Sounds like you're being ignorant on the whole point on a humanoid female having breasts like how people freak out when male anthros have nipples, When males are female before they are in the womb. If they don't have them how would they feed their young without fake milk or no modern tech?.


----------



## Nyro46 (Aug 5, 2019)

Purplefuzz said:


> Sounds like you're being ignorant on the whole point on a humanoid female having breasts like how people freak out when male anthros have nipples, When males are female before they are in the womb. If they don't have them how would they feed their young without fake milk or no modern tech?.

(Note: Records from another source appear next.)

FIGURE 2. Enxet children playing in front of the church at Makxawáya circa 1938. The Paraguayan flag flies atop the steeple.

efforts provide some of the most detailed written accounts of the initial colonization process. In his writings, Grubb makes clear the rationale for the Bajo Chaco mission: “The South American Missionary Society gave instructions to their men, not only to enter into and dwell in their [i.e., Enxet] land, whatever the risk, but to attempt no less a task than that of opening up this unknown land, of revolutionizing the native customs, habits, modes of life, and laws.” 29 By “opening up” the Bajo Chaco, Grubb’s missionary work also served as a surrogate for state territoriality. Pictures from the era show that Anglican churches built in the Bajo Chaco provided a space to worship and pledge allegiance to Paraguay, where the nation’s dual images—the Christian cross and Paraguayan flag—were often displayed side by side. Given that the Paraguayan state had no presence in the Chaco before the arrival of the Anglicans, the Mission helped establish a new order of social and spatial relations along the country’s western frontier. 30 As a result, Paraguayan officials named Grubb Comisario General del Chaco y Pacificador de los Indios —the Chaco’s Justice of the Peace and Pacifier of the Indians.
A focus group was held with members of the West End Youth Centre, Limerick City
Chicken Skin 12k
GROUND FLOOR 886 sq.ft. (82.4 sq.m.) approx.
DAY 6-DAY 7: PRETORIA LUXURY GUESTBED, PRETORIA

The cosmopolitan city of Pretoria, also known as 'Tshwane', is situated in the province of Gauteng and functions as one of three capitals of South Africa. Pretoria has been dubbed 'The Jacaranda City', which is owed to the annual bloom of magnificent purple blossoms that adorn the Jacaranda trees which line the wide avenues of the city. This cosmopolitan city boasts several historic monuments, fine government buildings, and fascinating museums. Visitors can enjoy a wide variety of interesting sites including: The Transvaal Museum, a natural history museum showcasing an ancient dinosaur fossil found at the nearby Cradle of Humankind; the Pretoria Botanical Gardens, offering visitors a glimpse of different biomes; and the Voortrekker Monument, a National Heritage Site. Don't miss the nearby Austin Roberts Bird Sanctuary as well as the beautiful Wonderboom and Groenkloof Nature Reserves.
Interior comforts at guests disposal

I suppose the alternative is to have them like real animals where all six-ten of their nipples produce milk, which result in them have like, six-ten breasts when pregnant, lol
while I still give my anthros like, the correct amount of nipples, only two of them are "useful" and the rest are kinda just there left from evolution . . .


----------



## ryuukei8569 (Aug 5, 2019)

Purplefuzz said:


> Sounds like you're being ignorant on the whole point on a humanoid female having breasts like how people freak out when male anthros have nipples, When males are female before they are in the womb. If they don't have them how would they feed their young without fake milk or no modern tech?.

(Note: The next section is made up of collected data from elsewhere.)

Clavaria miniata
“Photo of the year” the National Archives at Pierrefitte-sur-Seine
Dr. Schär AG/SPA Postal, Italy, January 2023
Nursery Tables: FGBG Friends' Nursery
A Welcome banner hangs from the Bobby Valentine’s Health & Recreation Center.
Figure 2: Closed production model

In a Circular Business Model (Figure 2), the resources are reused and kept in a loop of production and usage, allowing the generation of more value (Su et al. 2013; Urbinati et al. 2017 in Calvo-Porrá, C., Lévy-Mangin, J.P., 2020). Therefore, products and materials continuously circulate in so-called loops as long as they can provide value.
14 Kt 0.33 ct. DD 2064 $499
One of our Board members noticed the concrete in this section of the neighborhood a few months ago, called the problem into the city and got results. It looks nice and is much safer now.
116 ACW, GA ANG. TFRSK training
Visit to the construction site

Dude, use common sense. I was talking about anthros having boobs, which is specifically a human only trait. Look at any other animal in the world, none of them have boobs, only a handful of primates may get slightly swollen chests when nursing, but otherwise no other mammal gets them. They still have mammary glands, but they dont have boobs like humans.

(And if you really cannot stand the idea of anthros without boobs, then they should at least be smaller than the human average, not constantly packing double G's.

As for nipples, not a problem as long as people realise nipples should be attached to skin, not added over the fur like pasties. It's kind of dumb when someone draws an anthro super fluffy, but makes their nipples visible by drawing the nipples over the fur, because they absolutely must have the sex appeal. This does mean that realistically speaking, thicker furred anthros are not going to have visible nipples.

Please use common sense and stop getting offended because I am criticizing your favorite art style.


----------



## Mayflower (Aug 5, 2019)

It's interesting to read these comments. There are such varied views here. Many of my preferences(human anatomy, hair, clothing and such) are being mentioned here as pet peeves 

I have many things that I don't like, such as digitigrade legs and animal genitalia, but I don't really think of them as pet peeves. I find them more to do with my general preferences.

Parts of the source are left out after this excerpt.